The 13 yo has started inviting me to play Minecraft every night. I don't always agree, but I've done it a couple of times. It's comical.
I actually was an early adopter of Minecraft (see above where video games were an interest from a young age). I got Minecraft when it was still in the Beta mode. I know it was before May of 2012. I loved Minecraft. At some point I stopped playing it because - life. (I guess I am an adult after all).
The game these kids are playing is not the game I played. I'm constantly asking questions about what block types are, which block types are useful for what, etc.
Also, I played it on the computer. The Switch controls are entirely different. I feel so, so incredibly old. 13 yo will make fun of me, very gently. I think next time he does, I'm going to tell him "Be patient with me, I'm from the 1980s."
It's very quickly becoming the family joke that I'm old. The 12 yo regularly calls me old. I could argue the semantics of "I'm not even 40!" But from his perspective, he's right. 37 is ancient for a 12 year old. Also, the world is not the same one I lived in at his age. I, knowing kids today don't use it, used "lol" as an example of how things change rapidly in slang and he shot back "yeah, that's a word that 40 year olds use."
Lol.
By the time my parents were my age, they had 11 kids. I've slowly been keeping tabs on that as I aged - comparing my age to theirs and how many kids they had by that point. On the one hand, what the hell were they thinking? On the other hand, what the hell were they thinking?
I'm too new at being a step dad to say I'm good at it, but I know for a fact I'm a million times better at this than I would have been if I'd started having kids when I got married at 21. Good god, 21 year olds are babies! What the hell are they doing even getting married, much less having kids!
My brain cannot compute that I'm almost 40, but it is very aware of how young my niblings and my step kids are. My nephew just turned 21. At his age, I was engaged and wanted a baby. If there is a god, the best thing they ever did for me was make that not my reality. Thank you, god.

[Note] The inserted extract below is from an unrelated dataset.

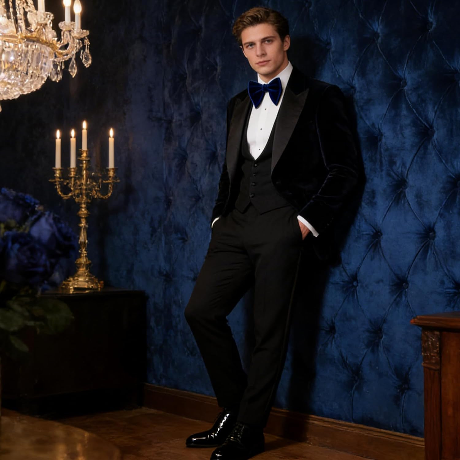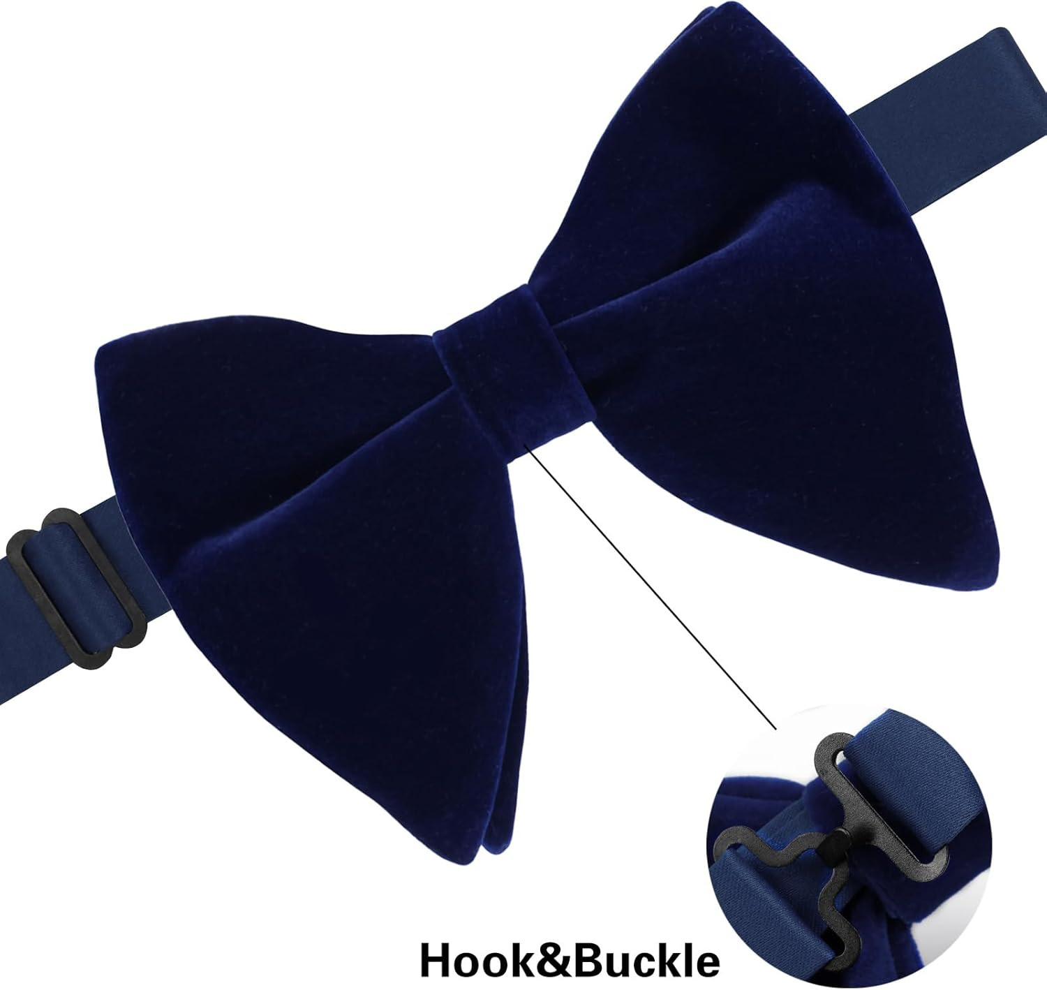 Velvet Pre-tied Adjustable Bow Tie for Men Oversize Formal Solid Tuxedo Bowtie
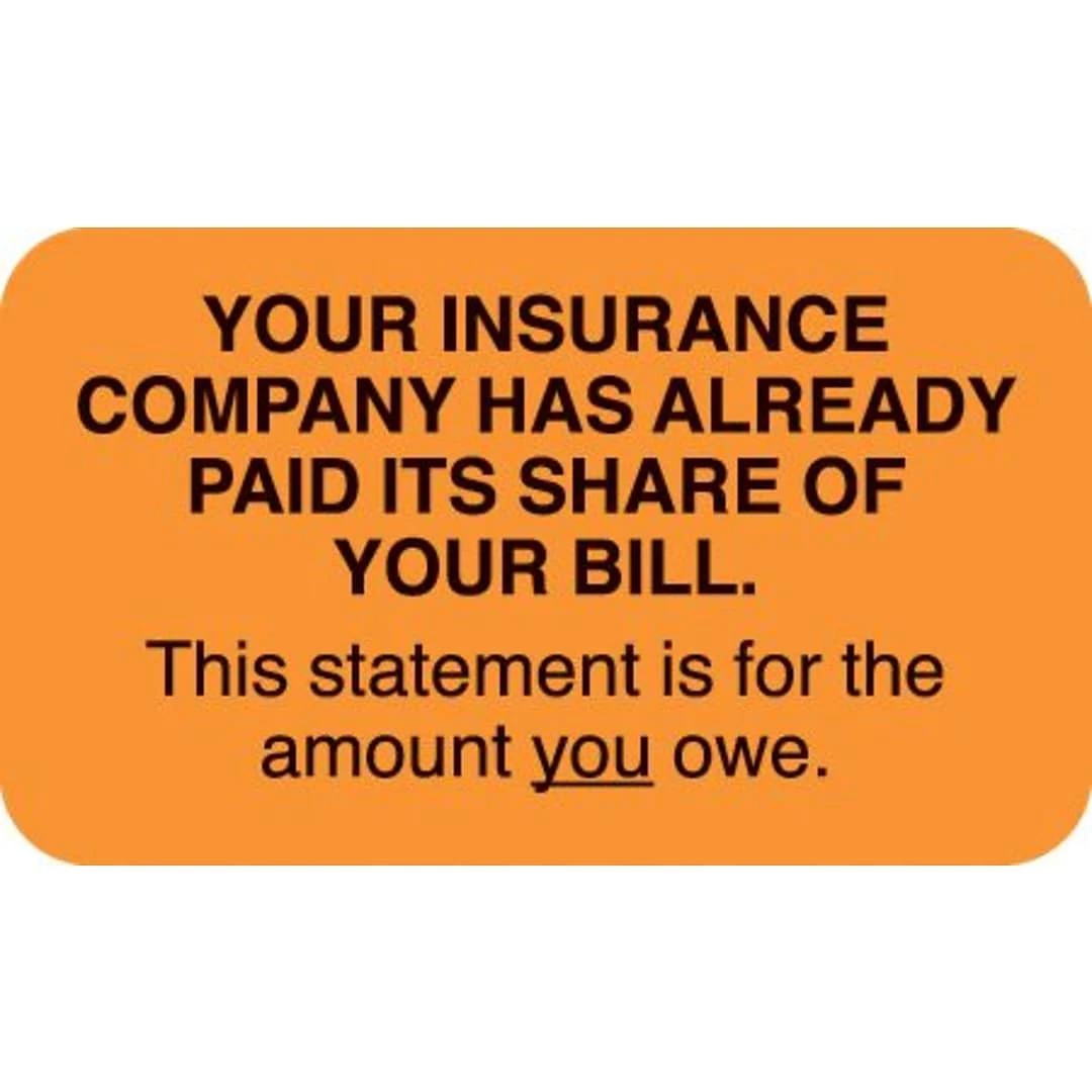 | Color Family : Orange | Customizable : No | Exact Message : Your insurance company has already paid its share of your bill. | Label Height in Inches : 7/8″ |

I like being a dad now that I've matured enough to be able to be patient and kind and silly and not take so much personally. I'm also very grateful that I'm a dad who has spent the last 20 years unpacking my trauma so that I don't foist that onto these kids. I would have regretted being a parent earlier in my life because I could not have been the parent the kids deserved. Maybe now that I'm 37, I have a chance.
But because I am 37, I am old, and patience is having to go both ways. I may not know why 10+9=21, and I may not understand why it's uncool to say GOAT anymore, and I may shift (what does that even mean???) while playing Minecraft, but at least I'm good at laughing at myself.